Learning and memory formation, one the other hand, are slower processes that involve growing or removing connections between neurons and changing the strength with which they communicate with each other. This would make it more difficult to write the simulated brain back into the living brain: you'd have to update the physical structure of the neurons, including what connections they have and the density of neurotransmitters/receivers in the cell membranes between them. Now, the brain obviously has the mechanisms to make these changes (these "learning" mechanisms are much less understood today than the signaling itself) but it wouldn't natively happen as fast as your simulation. A possible "plausible" explanation is some genetic manipulation that fast-forwards the biological brain to the final simulated brain state, quickly and efficiently bypassing the many slow "real-time" iterations the simulated brain had to go through while you were learning your lessons.
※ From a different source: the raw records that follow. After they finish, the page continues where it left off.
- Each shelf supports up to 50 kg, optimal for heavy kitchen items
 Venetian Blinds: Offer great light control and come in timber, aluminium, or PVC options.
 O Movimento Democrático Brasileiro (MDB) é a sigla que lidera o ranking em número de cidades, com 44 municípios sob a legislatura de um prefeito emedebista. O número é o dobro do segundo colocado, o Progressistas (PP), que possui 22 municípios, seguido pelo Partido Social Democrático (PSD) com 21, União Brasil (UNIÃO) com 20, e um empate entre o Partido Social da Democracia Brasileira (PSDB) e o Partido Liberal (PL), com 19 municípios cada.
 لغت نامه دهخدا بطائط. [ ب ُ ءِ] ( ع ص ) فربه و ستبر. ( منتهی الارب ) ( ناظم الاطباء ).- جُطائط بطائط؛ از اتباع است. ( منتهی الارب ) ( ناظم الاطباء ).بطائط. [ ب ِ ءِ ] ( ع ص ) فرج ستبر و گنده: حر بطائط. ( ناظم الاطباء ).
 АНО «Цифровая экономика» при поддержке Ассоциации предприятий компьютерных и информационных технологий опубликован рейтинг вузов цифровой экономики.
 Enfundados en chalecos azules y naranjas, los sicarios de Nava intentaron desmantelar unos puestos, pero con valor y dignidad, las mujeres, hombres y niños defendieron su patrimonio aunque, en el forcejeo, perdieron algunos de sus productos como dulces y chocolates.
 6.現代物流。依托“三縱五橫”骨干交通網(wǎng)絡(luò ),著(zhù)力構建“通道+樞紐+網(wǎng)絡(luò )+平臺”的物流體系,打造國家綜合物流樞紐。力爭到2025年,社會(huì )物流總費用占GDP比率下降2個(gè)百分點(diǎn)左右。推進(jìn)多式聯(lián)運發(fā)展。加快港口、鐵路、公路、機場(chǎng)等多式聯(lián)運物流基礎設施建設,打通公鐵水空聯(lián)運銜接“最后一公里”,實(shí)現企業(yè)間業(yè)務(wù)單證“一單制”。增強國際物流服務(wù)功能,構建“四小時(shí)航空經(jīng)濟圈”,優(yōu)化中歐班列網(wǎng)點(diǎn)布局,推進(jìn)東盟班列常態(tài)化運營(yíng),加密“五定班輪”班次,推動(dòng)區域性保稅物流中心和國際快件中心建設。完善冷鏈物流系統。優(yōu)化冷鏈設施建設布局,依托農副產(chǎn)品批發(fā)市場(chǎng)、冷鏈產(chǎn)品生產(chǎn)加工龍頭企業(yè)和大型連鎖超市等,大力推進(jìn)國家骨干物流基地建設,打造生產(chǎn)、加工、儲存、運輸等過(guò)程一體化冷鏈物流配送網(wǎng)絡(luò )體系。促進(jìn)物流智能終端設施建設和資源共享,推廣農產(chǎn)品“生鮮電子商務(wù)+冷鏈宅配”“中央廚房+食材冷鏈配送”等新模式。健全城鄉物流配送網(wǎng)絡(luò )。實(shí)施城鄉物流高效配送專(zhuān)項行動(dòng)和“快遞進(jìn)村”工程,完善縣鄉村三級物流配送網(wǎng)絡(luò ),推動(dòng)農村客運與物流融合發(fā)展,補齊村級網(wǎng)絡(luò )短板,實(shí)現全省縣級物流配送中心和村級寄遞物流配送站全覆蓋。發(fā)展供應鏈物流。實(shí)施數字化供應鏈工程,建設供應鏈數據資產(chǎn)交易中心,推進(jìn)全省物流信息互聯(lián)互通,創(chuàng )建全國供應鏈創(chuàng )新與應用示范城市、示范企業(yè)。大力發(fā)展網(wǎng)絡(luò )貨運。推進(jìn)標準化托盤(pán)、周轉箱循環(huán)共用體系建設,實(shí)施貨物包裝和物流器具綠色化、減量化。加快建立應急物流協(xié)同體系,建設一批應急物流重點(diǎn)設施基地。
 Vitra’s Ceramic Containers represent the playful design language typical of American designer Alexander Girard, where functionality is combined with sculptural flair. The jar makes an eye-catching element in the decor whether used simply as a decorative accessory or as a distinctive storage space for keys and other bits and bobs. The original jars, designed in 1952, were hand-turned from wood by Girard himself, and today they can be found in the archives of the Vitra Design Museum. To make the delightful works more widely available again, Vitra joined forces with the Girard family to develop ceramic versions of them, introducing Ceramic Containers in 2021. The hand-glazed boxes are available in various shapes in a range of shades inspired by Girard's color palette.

As an aside, there are a couple confusing comments/answers that put too much weight on the idea of information being stored in proteins or other molecular mechanisms of computation. So, here's a short primer that should help get the feel of how we understand neurons to work:

Communication between neurons, and the way they represent information and do computations, is done with electrical signals. The most basic unit of neural information is the action potential: a brief, all-or-nothing, zero or one, voltage change across the neuron's cell membrane. This signal can be further communicated to other neurons, causing them to fire their own discrete action potential. While the details are unknown, the neural signalling all takes place in the strength, frequency, and timing of connections of huge populations of neurons communicating with each other one binary (more or less) bit at a time. The way these connections are developed over time represent all sorts of comparators and integrators and memory circuits and other higher-level logical units that consist of many neurons firing 0/1 with complex connections between them. Fundamentally it is a dynamic process, and neurons don't hold information for very long, nor do they store proteins or some other kind of "hard-disk" storage. The molecular basis of the action potential is based on the movement of ions across the cell membrane in a positive-feedback loop. This is initiated by neurotransmitters sent from the axon terminals of one neuron to the dendrites of another neuron. The configuration of neurotransmitters and receivers in the gap between neurons can hard-code the strength of the signal communicated from one to the other. This and the presence of a connection in the first place are the building blocks of the neural circuit that represents information by firing action potentials around. Think of it like a dynamic digital logic block. It proscribes specific input/output relationships and by putting many of them together you can design the output.